Download and Decode Data
This system is designed to efficiently handle download raw data and decode data
Overview
Source code: https://github.com/untangledfinance/spark-crawler-decoder
Technical: Spark
Language: Scalar
Features:
- Data Ingestion: Download raw data from RPC services and save it to the data warehouse.
- Data Decoding: Decode raw data into call and event tables according to the provided ABI.
- Contract Information Retrieval: Fetch contract details (e.g., names, symbols, decimals of ERC20 tokens) from RPC services.
- Parallel Processing: Execute jobs on multiple nodes of an AWS EMR cluster for enhanced efficiency.
- Concurrent Data Handling: Download both historical and new data simultaneously.
- Automatic Decoding: Automatically decode data when new ABI information is added.
Execution
- Run by spark-submit on EMR cluster
- Controlled and scheduled by Scheduler: Airflow
Jobs in this system
Crawler: Job downloads data from RPC Service and stores it in the blocks table (raw transactions and logs data) and block_trace table (raw traces data)
ExtractLog: Extract log data from blocks table and save into logs table
ExtractTransaction: Extract transaction data from blocks table save into transactions table
ExtraceTrace: Extract trace data from block_traces table and save into trace table
DecodeLog: Decode log data in logs table and save into event table.

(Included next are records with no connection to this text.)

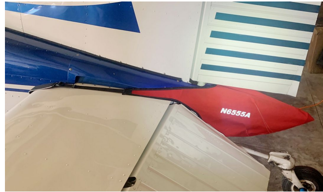
Cessna 180 Skywagon Tailcone Cover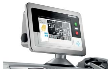
Customized touch operating panel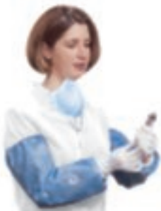
CT5500 ChemoPlus Sleeves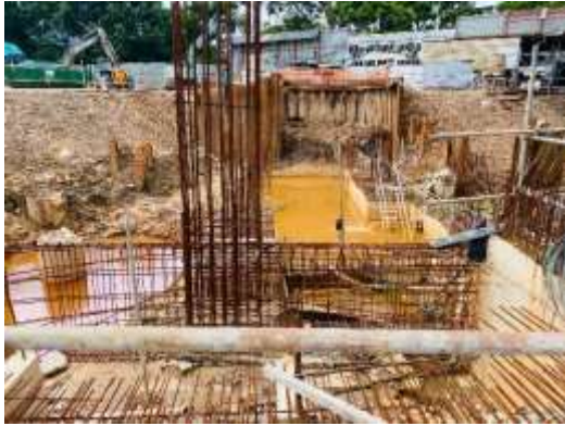
State of Lian Beng construction site during inspection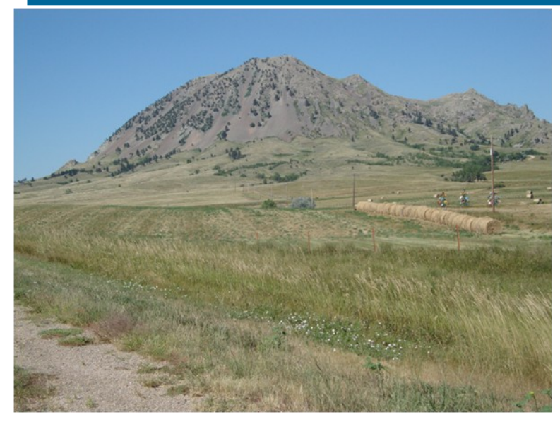
Fig. 1. Bear Butte near Sturgis, South Dakota, is a laccolith.

Most of the Butte is composed of the igneous rock; however, on the east side there is a vertical bed of Minnesula Sandstone and tilted beds of Madison Limestone (Mississippian). These are remnants of older rocks pushed up by the intrusion (Fig. 2).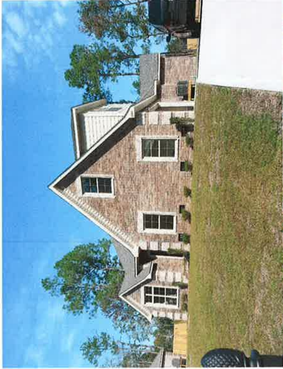
Southeast of the house looking Northerly at the South building face.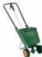
EasyGreen Rotary Spreader - SETTING 26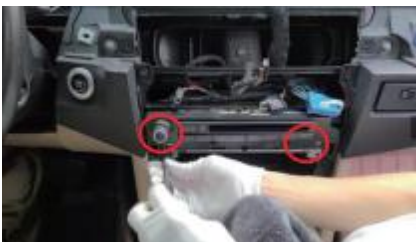
7. Remove the fixed screws from the Host.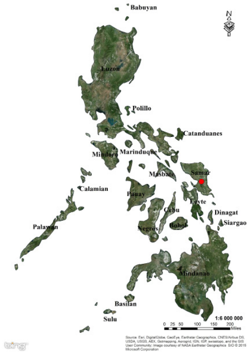
Fig. 5. Distribution map of Callimetopus ornatus Schultze, 1934.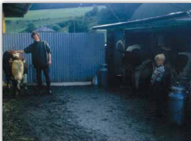
Working conditions on small dairy farm

New national farmer field schools are certainly not the answer as there are already many good institutions. Although the Bucks college at Stoke Mandeville no longer exists, the Berkshire College at Burchetts Green now has a thriving agricultural section again (having been closed down in 2003). Harper Adams College is now one of the top universities in the country. The truth is that young Brits are looking for managerial jobs in farming, when what is needed is someone to do the hard physical work.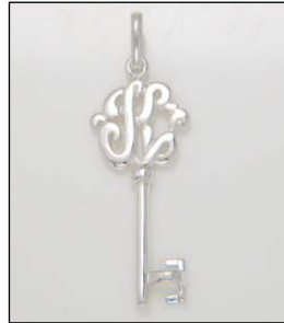
PD160940SL WT: 1.45 gm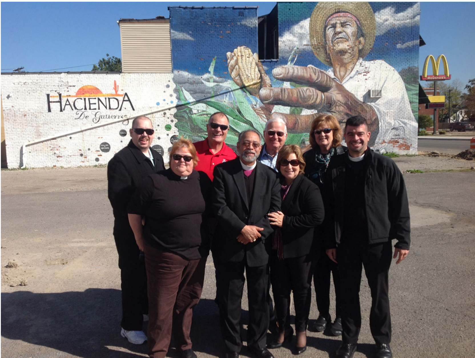
October 2014 Detroit, Michigan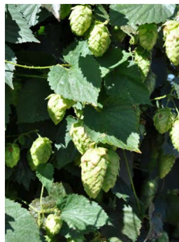
Topguard Fungicide Specialty Crops 14 fl. oz. – alternated with Quintec® fungicide 8 fl. oz.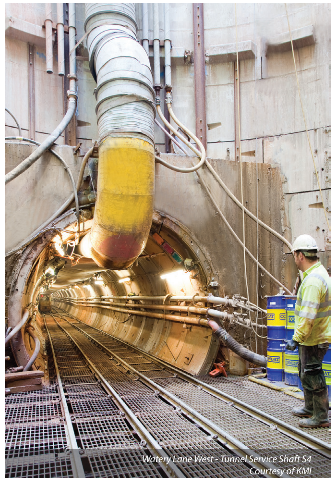
Watery Lane West - Tunnel Service Shaft S4

Example: erc20_evt_transfer
DecodeTransaction: Decode trace data in traces table and save into call table. Example: centrifuge_shelf_call_borrow
GetContractInfo: Using RPC to get information of contract from event or call table and save into info table.
All job of this Application will be managed, scheduled in Airflow
Example for how to decode new datasets of protocol
Step 1: Determine contract address of protocol
- Using Dune as reference to find contract address
Step 2: From contract address of protocol, determine ABI of this contract
- Using https://etherscan.io/ to get ABI
Step 3: Open CMS, add protocols with ABI
Step 4: Wait a minute and see new datasets in data warehouse